Esta tendência da especialização competitiva assume dois aspetos a ter em atenção: os governos a preocuparem-se com a oficialização e regulamentação do desporto, tornando a sua prática obrigatória, passando o atleta a ser olhado para o movimento das bilheteiras, começando a reclamar a sua percentagem nos lucros. Surge então o profissionalismo, encoberto e tímido nos seus primórdios, para se tornar um caso sério na indústria circulante universal.

Nos tempos que correm, a Atividade Física e Desportiva desempenha um padrão promocional do espetáculo entre as multidões que comentam, ouvem, praticam, veem, escrevem, leem, etc … sendo cada vez mais amplas as secções desportivas dos diários noticiosos, crescendo o número de periódicos das diversas especialidades, devorados por um público certo, que o segue de foram atenta e entusiástica.

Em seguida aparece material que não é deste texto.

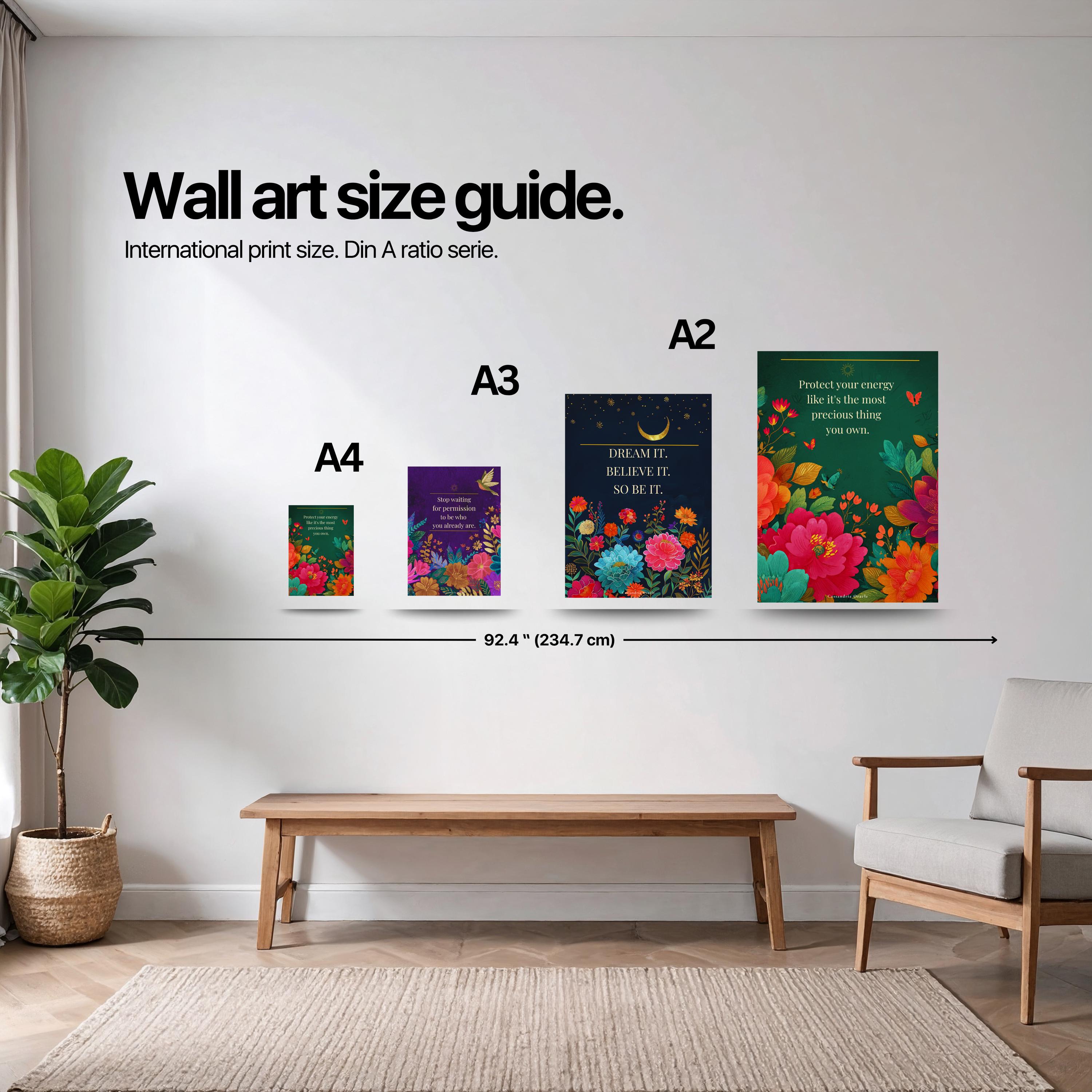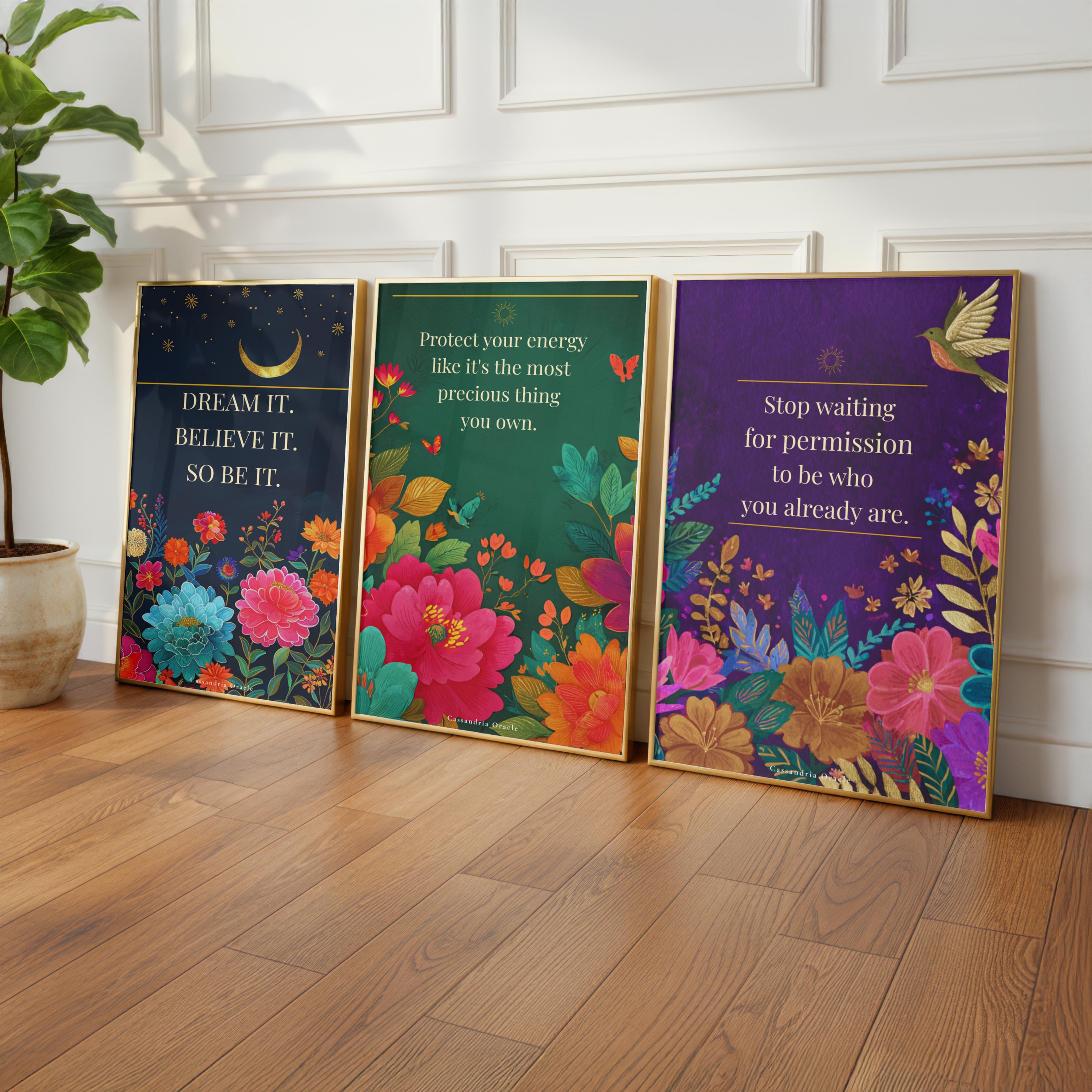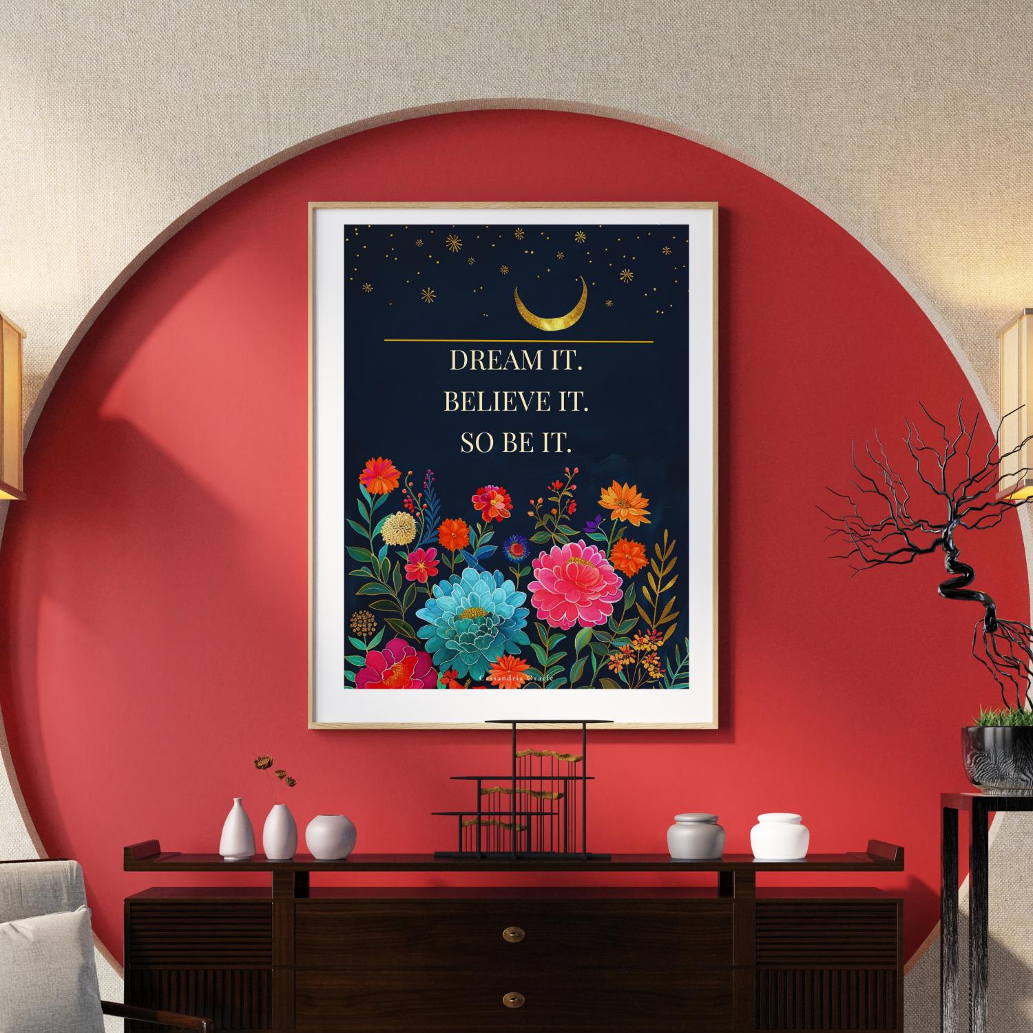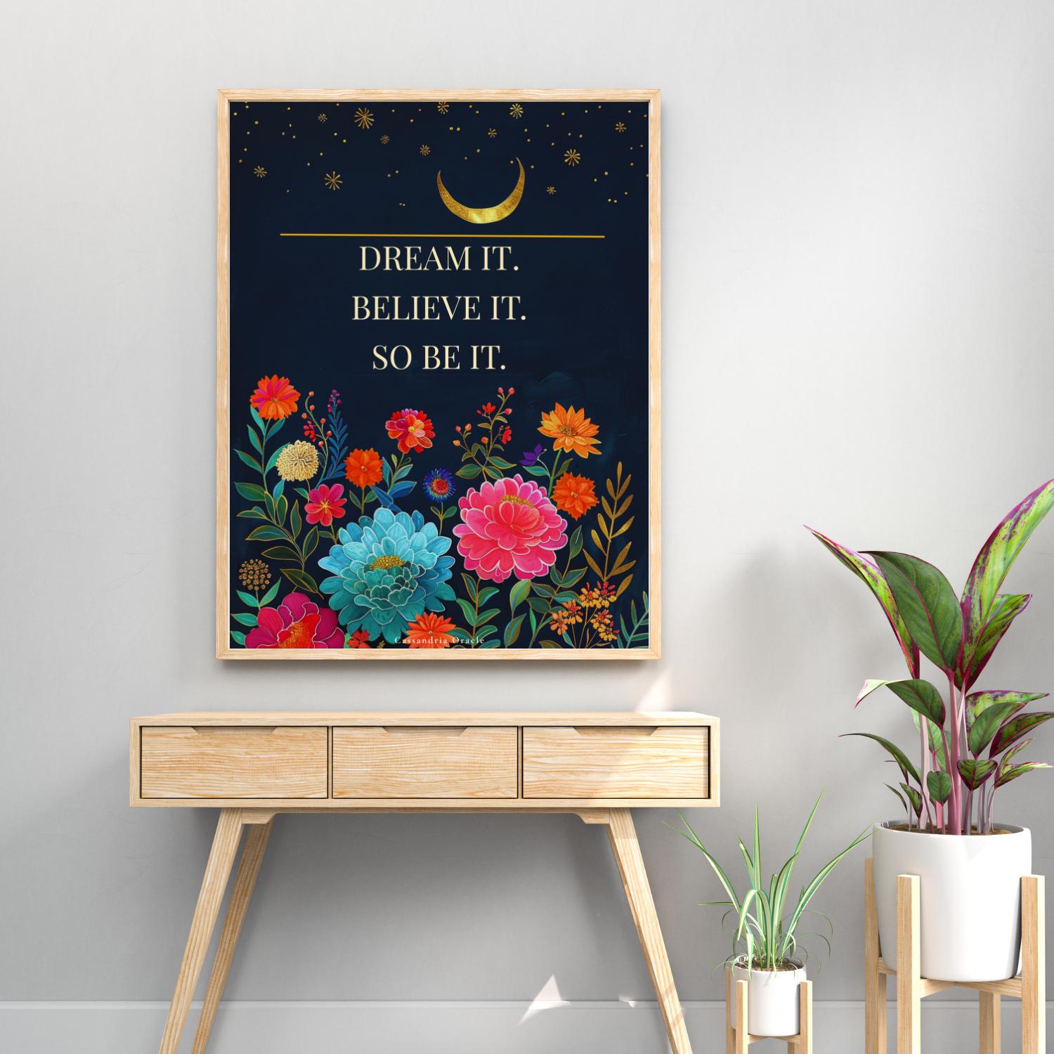 Bring intention and magic into your space with this stunning floral quote print. Set against a deep navy night sky with a glowing gold crescent moon and scattered stars, this bold empowerment print is the perfect reminder to dream big and trust the journey.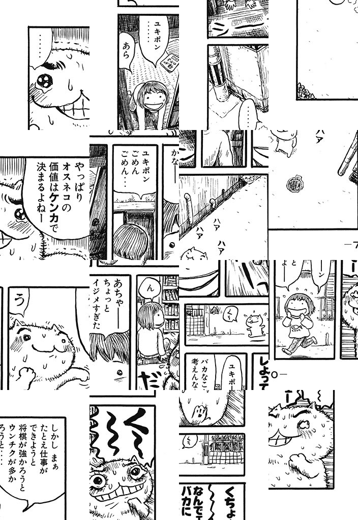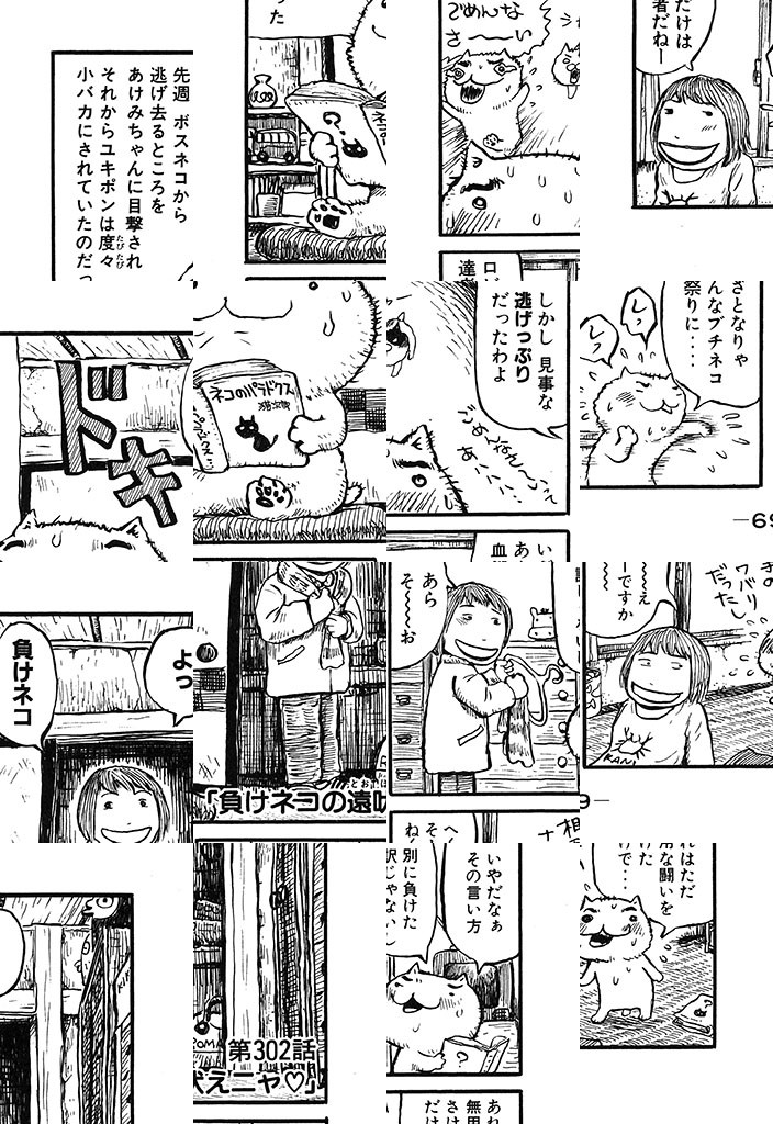 ただ今、お仕事中ニャクズで酒飲み、おまけにふしだら。6畳1間のフリーターご主人・あけみちゃんのために、超ケナゲな働き猫・ユキポンが、せまい額に汗して、今日も一生懸命がんばっているのです。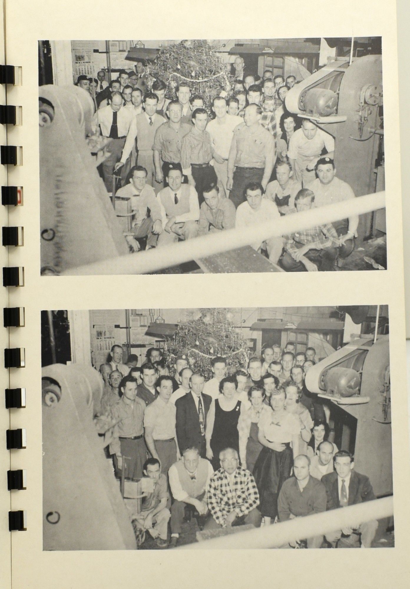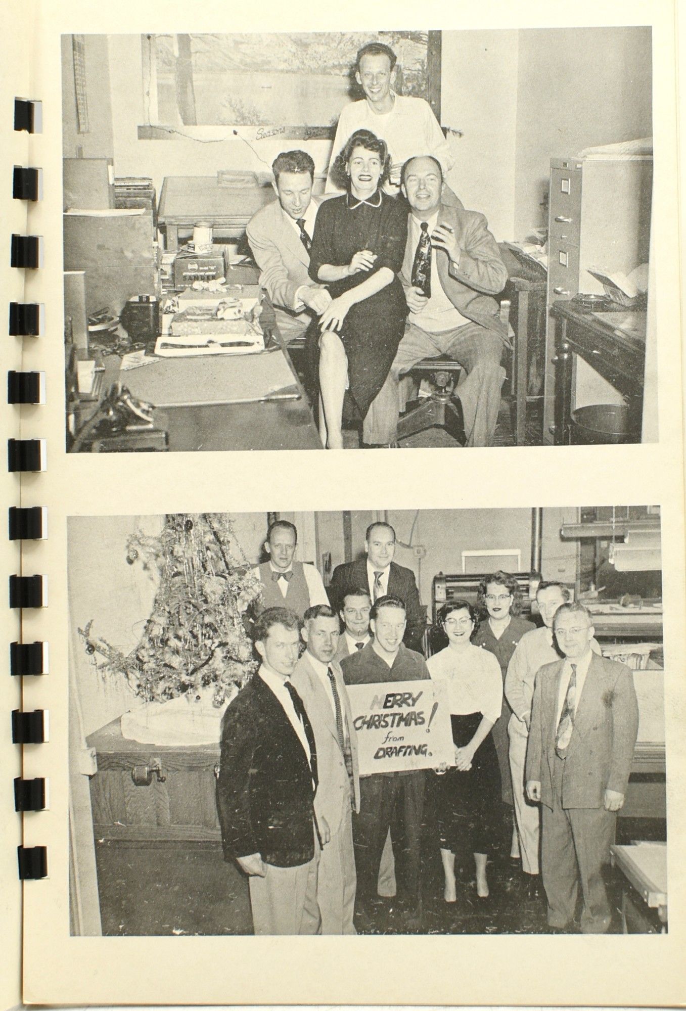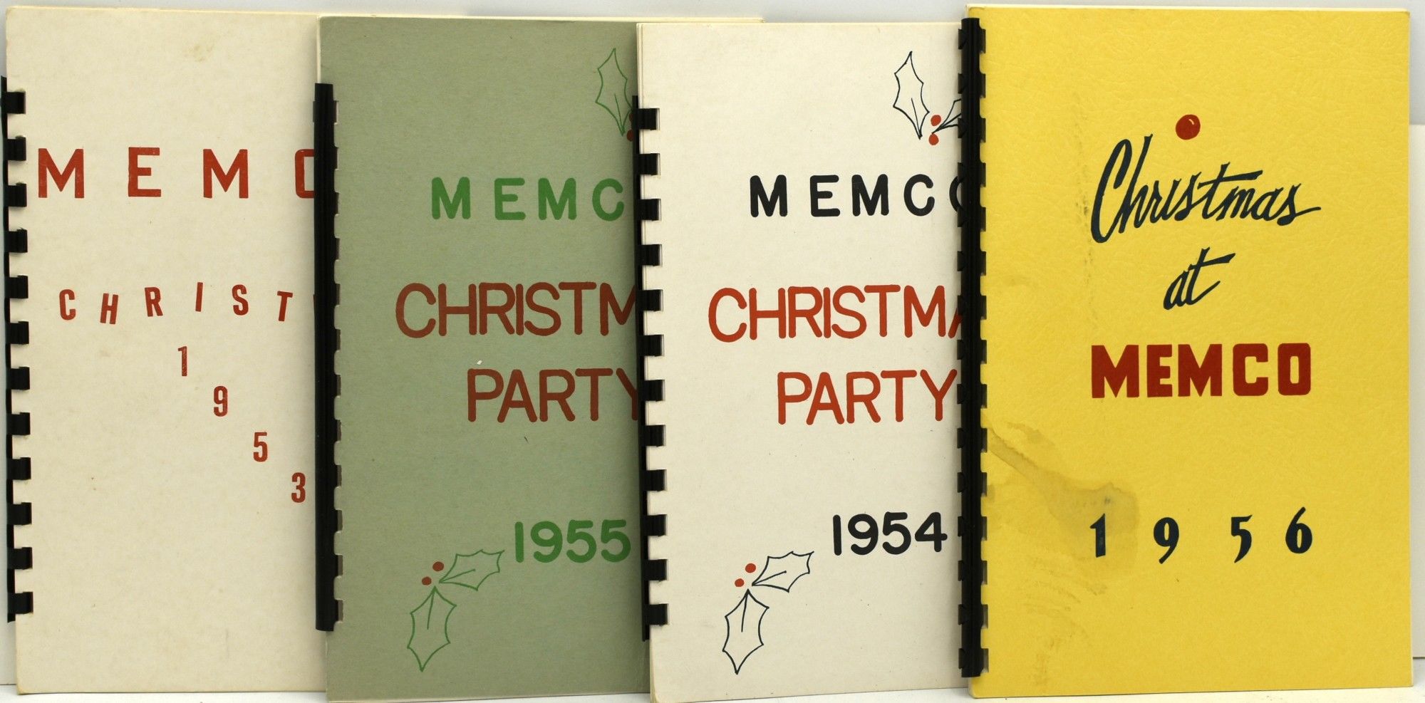 Self-published. Four 8vo; in comb bindings with printed card stock covers; each booklet approximately 8 pages printed only on the rectos, and with two photographs of Christmas jollity; other than the covers, there is no text.~~Though we would love to assert that these were from Memco Stores in Richmond (there were two of them in the 1960’s) we can not do so with confidence. The pictures look to be from a factory or manufacturing plant, and a big one given the number of employees at the parties. What we can say is that they are a picture of Baby Boomer life in the early 1950s -- the cigarettes, the women’s amazing dresses and corsages, the men’s neckties, the bottle of whisky in a man’s hand, the Christmas trees in every department, the women sitting in men’s laps,. Memco is tantalizing. And the Christmas party was a big enough deal that souvenir booklets were printed up. Certainly everyone seemed to be having a good time (or were they?).~~.

Qualquer acontecimento desportivo, tem por vezes nos dias de hoje mais repercussão do que importantes questões políticas ou sensacionais revelações científicas ou manifestações artísticas. Alteram-se horas de comícios, paralisam-se fábricas, encerram-se gabinetes públicos, quando um sensacional espetáculo ou grande competição, tem hora marcada.

O caso do dia é muitas vezes, o caso desportivo: a vitória do A sobre o B, o record estabelecido por determinado campeão, fazem a manchete noticiosa, estando a rádio, o cinema, os jornais, a T.V. com a responsabilidade de o propagandear depressa e bem.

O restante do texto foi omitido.